Segment Start: RAW DATA
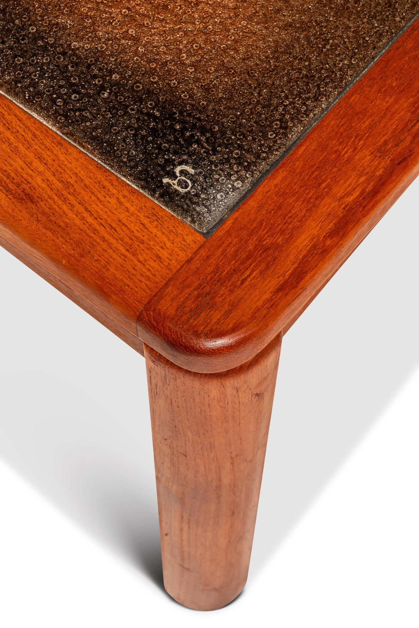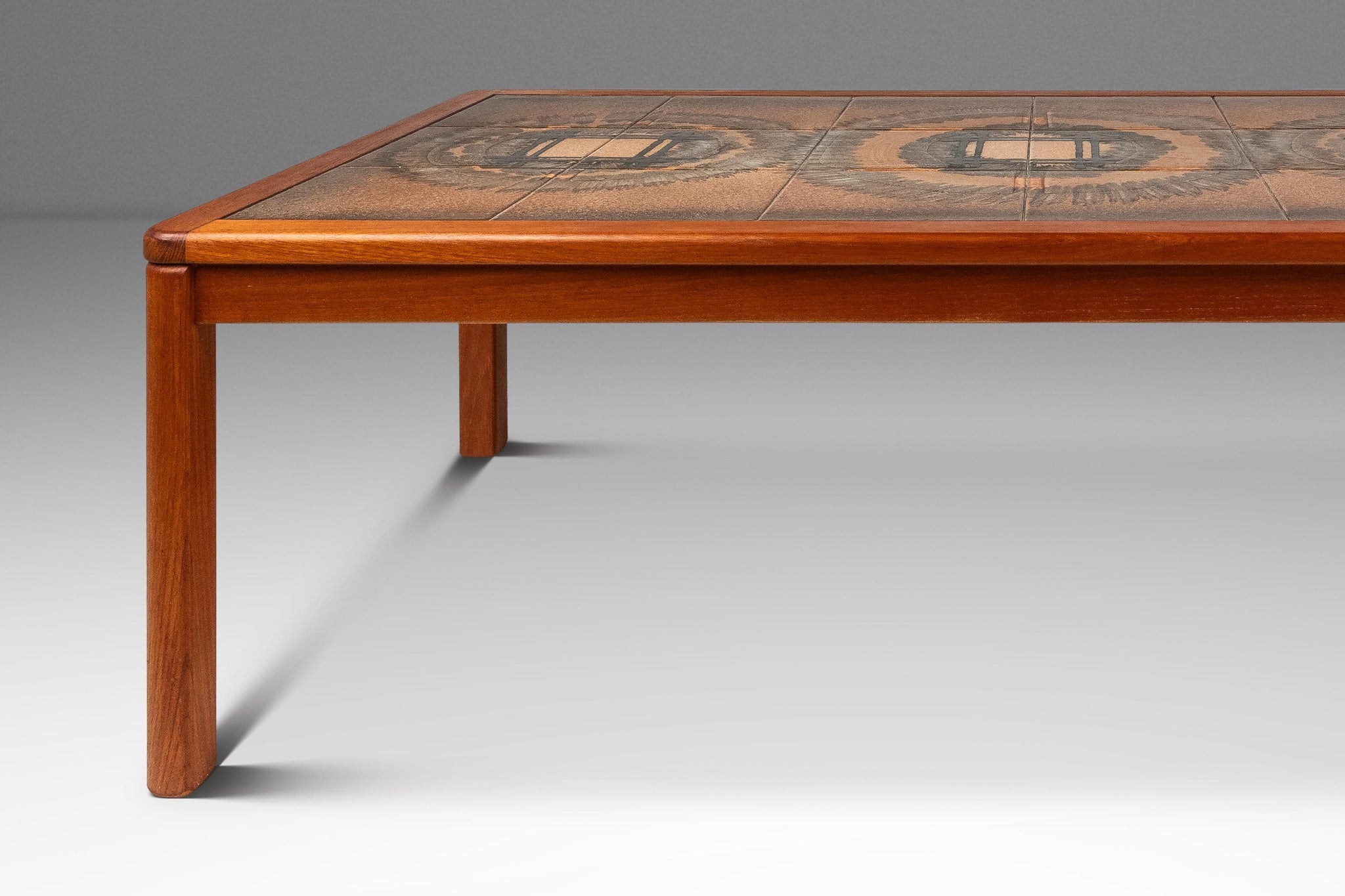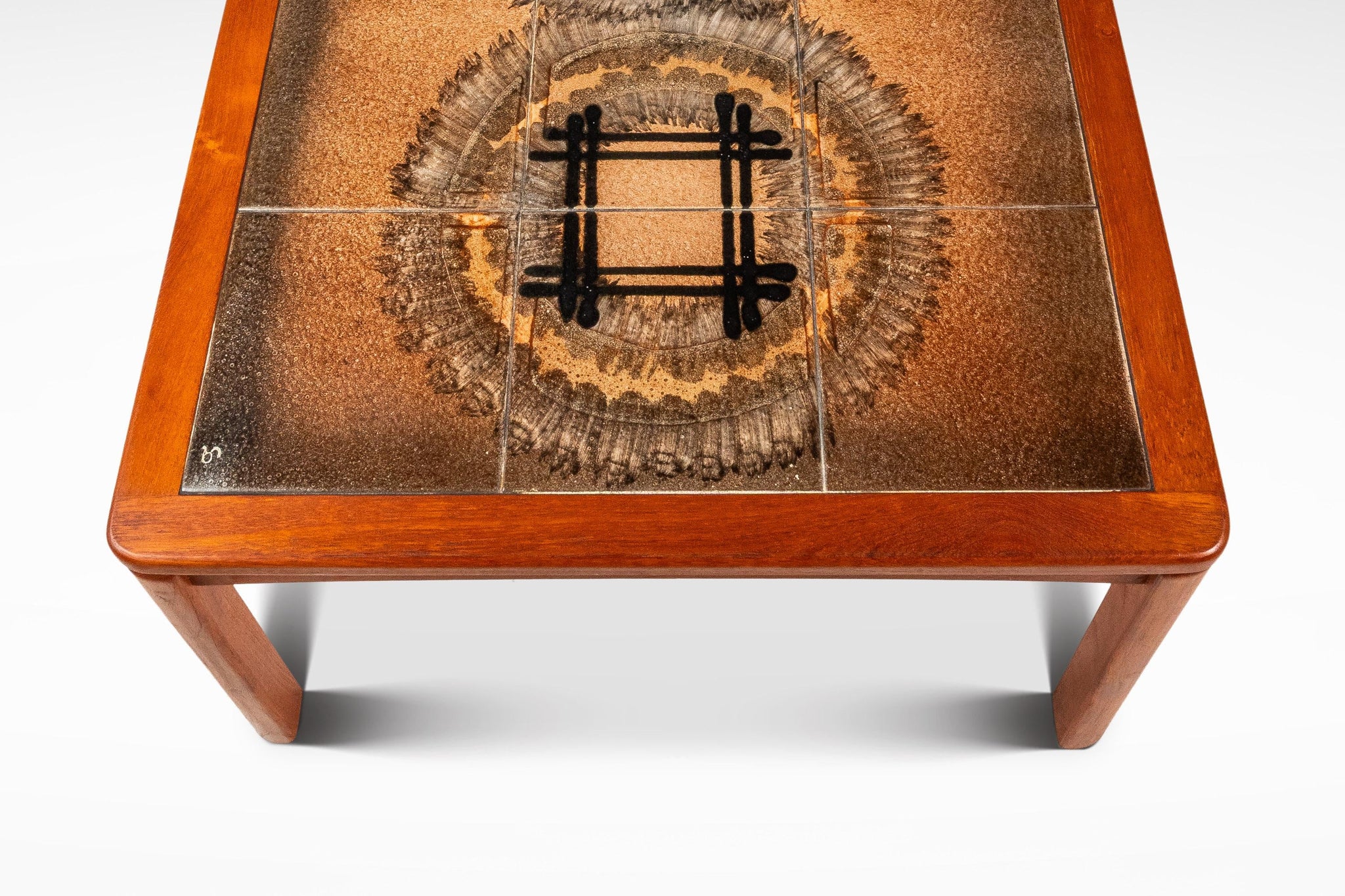 About: Introducing a true Danish Modern treasure: a rare, signed coffee table designed by the well respected and prolific Johannes Andersen. Featuring a table top constructed from ceramic tiles, painted with intriguing geometric shapes as well as a frame of solid Burmese teak with exceptional woodgrains this table is the very epitome of "functional art". In rare stunning original condition this piece is ideal for collectors searching for an authentic Andersen table that is ready for a lifetime more of use.
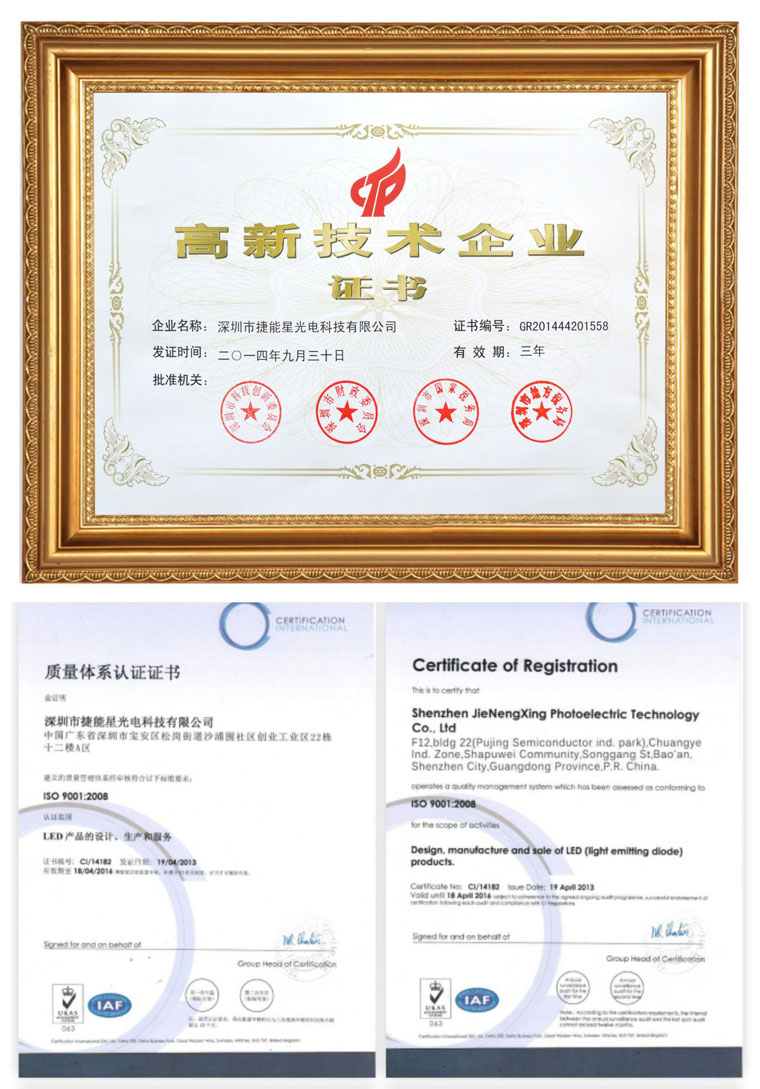 捷能星作為國家級高新技術(shù)企業(yè)在國內(nèi)外大功率LED照明市場已占據(jù)很大的市場份額,已申請專利30多項,產(chǎn)品已通過美國UL、DLC、歐盟CE、日本PSE、FCC、SAA、ROSH等國際認證。捷能星期待與全球的合作伙伴共創(chuàng)Led照明行業(yè)的美好未來。
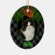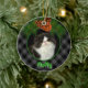 Cute grey black plaid pinecone pet photo template ceramic ornament
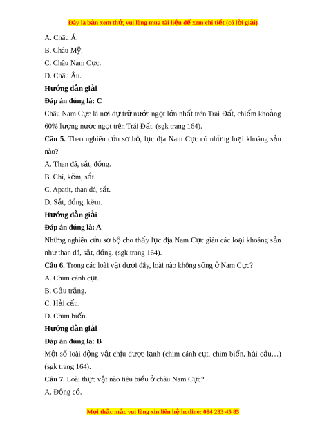 Đây là bản xem th , vu ử i lòng mua tài li u ệ đ xe ể m chi ti t ế (có l i ờ gi i ả ) A. Châu Á. B. Châu M . ỹ C. Châu Nam C c. ự D. Châu Âu. Hư ng ớ d n gi ẫ i ả Đáp án đúng là: C Châu Nam C c ự là n i ơ d ự tr ữ nư c ớ ng t ọ l n ớ nh t ấ trên Trái Đ t ấ , chi m ế kho ng ả 60% lư ng ợ nư c ng ớ t ọ trên Trái Đ t ấ . (sgk trang 164).
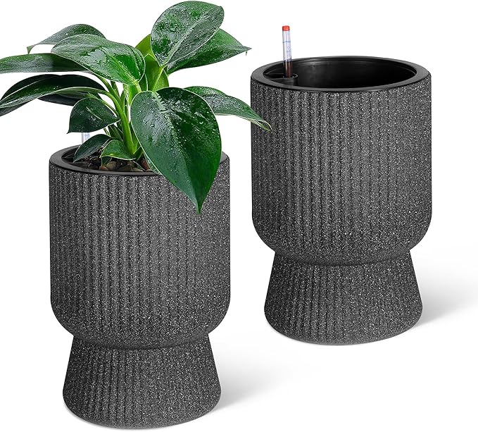 • Premium Quality & Weather-Resistant: Set of 2 tall frost-resistant planters with water level monitors. Specially treated exterior prevents fading, keeping your outdoor space vibrant through every season.
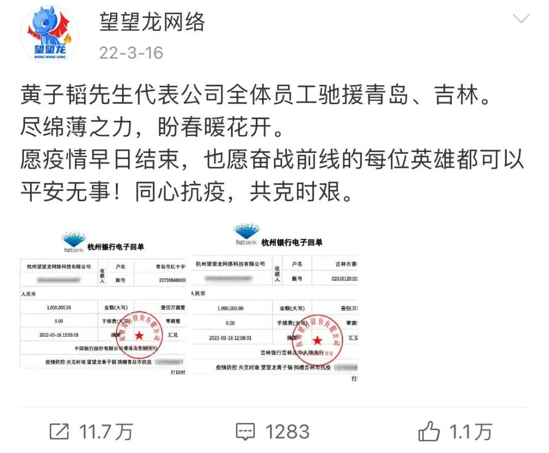2022年3月黄子韬以杭州望望龙网络科技有限公司名义,通过吉林市政府合作交流办公室向吉林市慈善总会捐赠 100 万人民币。
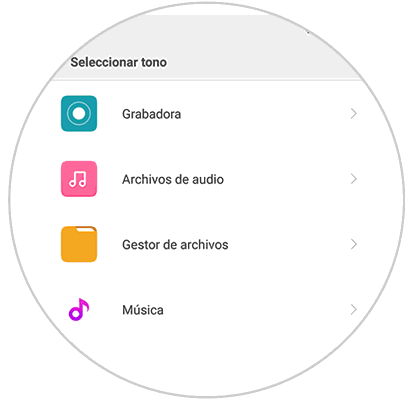 Si quieres poner una canción o algún audio que tengas guardado en el móvil, debes seleccionar "Tono de llamada local" y entrarás en una nueva pestaña en la que vas a encontrar las siguientes opciones.
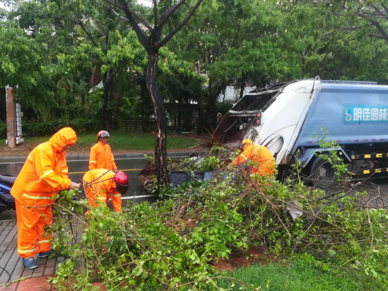 今年第9號(hào)臺(tái)風(fēng)“山神”的中心于今天凌晨4點(diǎn)50分前后,在海南萬(wàn)寧市萬(wàn)城鎮(zhèn)沿海登陸。受其影響,今天三亞、陵水有大到暴雨,將三亞、陵水街頭不少樹(shù)木刮倒,到處是殘枝敗葉,一片狼藉。臺(tái)風(fēng)中,為了確保市容環(huán)境的整潔、干凈,集團(tuán)公司安排環(huán)衛(wèi)工人全員上崗,加緊清理街道路面,使城市迅速恢復(fù)潔凈。
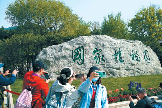 圖:昨天,國(guó)家植物園正式在北京揭牌,吸引眾多游客拍照留影。 本報(bào)記者 程功攝
Segment End: RAW DATA
Output the lines above verbatim, images excluded.

* [TASK ANSWER]:
 About: Introducing a true Danish Modern treasure: a rare, signed coffee table designed by the well respected and prolific Johannes Andersen. Featuring a table top constructed from ceramic tiles, painted with intriguing geometric shapes as well as a frame of solid Burmese teak with exceptional woodgrains this table is the very epitome of "functional art". In rare stunning original condition this piece is ideal for collectors searching for an authentic Andersen table that is ready for a lifetime more of use.
 捷能星作為國家級高新技術(shù)企業(yè)在國內(nèi)外大功率LED照明市場已占據(jù)很大的市場份額,已申請專利30多項,產(chǎn)品已通過美國UL、DLC、歐盟CE、日本PSE、FCC、SAA、ROSH等國際認證。捷能星期待與全球的合作伙伴共創(chuàng)Led照明行業(yè)的美好未來。
 Cute grey black plaid pinecone pet photo template ceramic ornament
 Đây là bản xem th , vu ử i lòng mua tài li u ệ đ xe ể m chi ti t ế (có l i ờ gi i ả ) A. Châu Á. B. Châu M . ỹ C. Châu Nam C c. ự D. Châu Âu. Hư ng ớ d n gi ẫ i ả Đáp án đúng là: C Châu Nam C c ự là n i ơ d ự tr ữ nư c ớ ng t ọ l n ớ nh t ấ trên Trái Đ t ấ , chi m ế kho ng ả 60% lư ng ợ nư c ng ớ t ọ trên Trái Đ t ấ . (sgk trang 164).
 • Premium Quality & Weather-Resistant: Set of 2 tall frost-resistant planters with water level monitors. Specially treated exterior prevents fading, keeping your outdoor space vibrant through every season.
2022年3月黄子韬以杭州望望龙网络科技有限公司名义,通过吉林市政府合作交流办公室向吉林市慈善总会捐赠 100 万人民币。
 Si quieres poner una canción o algún audio que tengas guardado en el móvil, debes seleccionar "Tono de llamada local" y entrarás en una nueva pestaña en la que vas a encontrar las siguientes opciones.
 今年第9號(hào)臺(tái)風(fēng)“山神”的中心于今天凌晨4點(diǎn)50分前后,在海南萬(wàn)寧市萬(wàn)城鎮(zhèn)沿海登陸。受其影響,今天三亞、陵水有大到暴雨,將三亞、陵水街頭不少樹(shù)木刮倒,到處是殘枝敗葉,一片狼藉。臺(tái)風(fēng)中,為了確保市容環(huán)境的整潔、干凈,集團(tuán)公司安排環(huán)衛(wèi)工人全員上崗,加緊清理街道路面,使城市迅速恢復(fù)潔凈。
 圖:昨天,國(guó)家植物園正式在北京揭牌,吸引眾多游客拍照留影。 本報(bào)記者 程功攝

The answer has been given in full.